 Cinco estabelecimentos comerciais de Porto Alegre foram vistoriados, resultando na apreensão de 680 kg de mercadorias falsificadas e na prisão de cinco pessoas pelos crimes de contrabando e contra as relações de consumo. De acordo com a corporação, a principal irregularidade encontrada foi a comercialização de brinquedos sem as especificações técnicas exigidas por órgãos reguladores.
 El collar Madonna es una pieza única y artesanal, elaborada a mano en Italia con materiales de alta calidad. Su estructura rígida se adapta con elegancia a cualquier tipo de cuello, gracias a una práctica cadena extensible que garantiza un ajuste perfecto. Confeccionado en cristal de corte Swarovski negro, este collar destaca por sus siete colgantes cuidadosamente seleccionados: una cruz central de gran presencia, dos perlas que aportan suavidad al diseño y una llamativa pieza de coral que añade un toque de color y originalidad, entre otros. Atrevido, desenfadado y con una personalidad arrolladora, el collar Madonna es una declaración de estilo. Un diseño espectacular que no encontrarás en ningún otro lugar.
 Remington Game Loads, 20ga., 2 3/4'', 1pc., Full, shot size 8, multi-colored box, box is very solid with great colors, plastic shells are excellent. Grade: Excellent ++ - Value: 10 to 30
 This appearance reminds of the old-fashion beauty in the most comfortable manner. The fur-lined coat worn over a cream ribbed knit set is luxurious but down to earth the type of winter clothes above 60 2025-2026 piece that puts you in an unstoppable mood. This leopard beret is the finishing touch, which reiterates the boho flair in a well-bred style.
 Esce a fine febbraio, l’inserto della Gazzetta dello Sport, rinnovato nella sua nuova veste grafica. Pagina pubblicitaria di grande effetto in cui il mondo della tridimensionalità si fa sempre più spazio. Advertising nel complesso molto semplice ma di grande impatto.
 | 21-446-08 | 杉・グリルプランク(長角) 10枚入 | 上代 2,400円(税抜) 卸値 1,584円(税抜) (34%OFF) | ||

:::::

**AIM OF THE EXERCISE:** Set every line of the listing down word for word.

**SOLUTION BELOW:**
 Cinco estabelecimentos comerciais de Porto Alegre foram vistoriados, resultando na apreensão de 680 kg de mercadorias falsificadas e na prisão de cinco pessoas pelos crimes de contrabando e contra as relações de consumo. De acordo com a corporação, a principal irregularidade encontrada foi a comercialização de brinquedos sem as especificações técnicas exigidas por órgãos reguladores.
 El collar Madonna es una pieza única y artesanal, elaborada a mano en Italia con materiales de alta calidad. Su estructura rígida se adapta con elegancia a cualquier tipo de cuello, gracias a una práctica cadena extensible que garantiza un ajuste perfecto. Confeccionado en cristal de corte Swarovski negro, este collar destaca por sus siete colgantes cuidadosamente seleccionados: una cruz central de gran presencia, dos perlas que aportan suavidad al diseño y una llamativa pieza de coral que añade un toque de color y originalidad, entre otros. Atrevido, desenfadado y con una personalidad arrolladora, el collar Madonna es una declaración de estilo. Un diseño espectacular que no encontrarás en ningún otro lugar.
 Remington Game Loads, 20ga., 2 3/4'', 1pc., Full, shot size 8, multi-colored box, box is very solid with great colors, plastic shells are excellent. Grade: Excellent ++ - Value: 10 to 30
 This appearance reminds of the old-fashion beauty in the most comfortable manner. The fur-lined coat worn over a cream ribbed knit set is luxurious but down to earth the type of winter clothes above 60 2025-2026 piece that puts you in an unstoppable mood. This leopard beret is the finishing touch, which reiterates the boho flair in a well-bred style.
 Esce a fine febbraio, l’inserto della Gazzetta dello Sport, rinnovato nella sua nuova veste grafica. Pagina pubblicitaria di grande effetto in cui il mondo della tridimensionalità si fa sempre più spazio. Advertising nel complesso molto semplice ma di grande impatto.
 | 21-446-08 | 杉・グリルプランク(長角) 10枚入 | 上代 2,400円(税抜) 卸値 1,584円(税抜) (34%OFF) | ||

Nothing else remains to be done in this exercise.